Par note aux parties adressée le 3 novembre 2025, la cour a mis dans les débats la régularité de la déclaration d’appel et l’absence d’effet dévolutif considérant le contenu de la déclaration d’appel suivant : « Objet/Portée de l’appel : Appel limité aux chefs de jugement expressément critiqués » au regard des articles 901 7° et 562 du code de procédure civile.
Par note en délibéré adressée le 12 novembre 2025, les appelants font valoir que leur déclaration d’appel liste les chefs de jugement critiqués ; qu’ils ont sollicité l’infirmation du jugement dans leurs premières conclusions, sollicitant qu’il soit statué à nouveau ; et que s’agissant d’une question de forme, la démonstration d’un grief est requise alors qu’il est inexistant.
MOTIFS DE LA DECISION
Aux termes de l’article 901 du code de procédure civile, la déclaration d’appel, qui peut comporter une annexe, est faite par un acte contenant, à peine de nullité : 7° Les chefs du dispositif du jugement expressément critiqués auxquels l’appel est, sans préjudice du premier alinéa de l’article 915-2, limité, sauf si l’appel tend à l’annulation du jugement.
Aux termes de l’article 562 du code de procédure civile, l’appel défère à la cour la connaissance des chefs du dispositif de jugement qu’il critique expressément et de ceux qui en dépendent.
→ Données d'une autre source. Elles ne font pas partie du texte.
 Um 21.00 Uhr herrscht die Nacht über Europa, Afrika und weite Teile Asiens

Toutefois, la dévolution opère pour le tout lorsque l’appel tend à l’annulation du jugement.
En application de ces articles, il est constant que lorsque la déclaration d’appel tend à la réformation du jugement sans mentionner les chefs de jugement qui sont critiqués, l’effet dévolutif n’opère pas.
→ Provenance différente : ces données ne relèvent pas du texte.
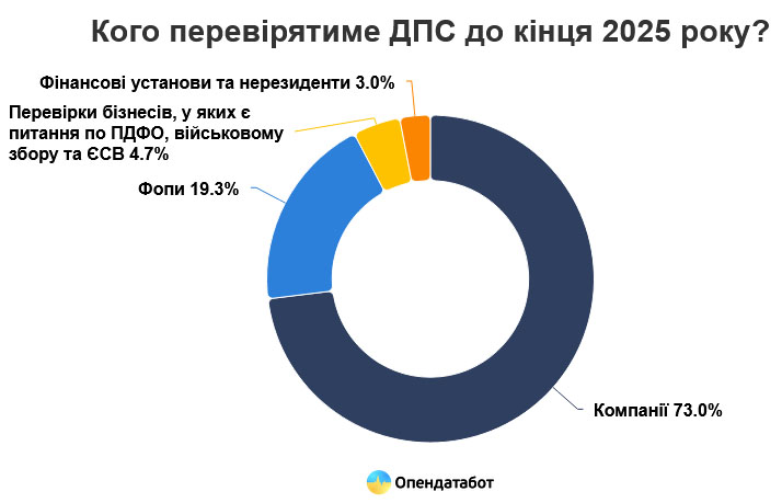 79% перевірок припадають на компанії (3881 підприємство) і 21% на ФОПів (1027 бізнесів). Найбільше перевірок заплановано на грудень: податківці проведуть 482 перевірки.

En l’espèce, la déclaration d’appel énonce que l’appel est limité aux chefs de jugement expressément critiqués, sans préciser quels sont ces chefs, indiquant uniquement : « Objet/Portée de l’appel : Appel limité aux chefs de jugement expressément critiqués ».
Ainsi, contrairement à ce qu’indique le conseil des appelants, la déclaration d’appel ne comportait aucune liste des chefs de jugement critiqués.
Dès lors, la déclaration d’appel de M. [V] [C] et Mme [B] [C] est dépourvue de tout effet dévolutif et la cour n’est valablement saisie d’aucune demande.
Sur les demandes accessoires
M. [V] [C] et Mme [B] [C] [D] devront supporter les dépens d’appel.
Les demandes sur le fondement de l’article 700 du code de procédure civile seront rejetées.
PAR CES MOTIFS
La cour statuant par arrêt contradictoire rendu en dernier ressort,
Constate l’absence d’effet dévolutif de l’appel, la cour n’étant saisie d’aucune demande tendant à voir infirmer telle ou telle disposition de l’ordonnance attaquée ;
Dit en conséquence n’y avoir lieu de statuer sur l’appel interjeté par M. [V] [C] ;
Condamne M. [V] [C] et Mme [B] [C] aux dépens ;
Dit n’y avoir lieu à application des dispositions de l’article 700 du code de procédure civile.
Arrêt prononcé par mise à disposition au greffe de la cour, les parties en ayant été préalablement avisées dans les conditions prévues au deuxième alinéa de l’article 450 du code de procédure civile, signé par Madame Pauline DE ROCQUIGNY DU FAYEL, Conseillère faisant fonction de Présidente et par Madame Elisabeth TODINI, Greffière, à laquelle la minute de la décision a été remise par le magistrat signataire.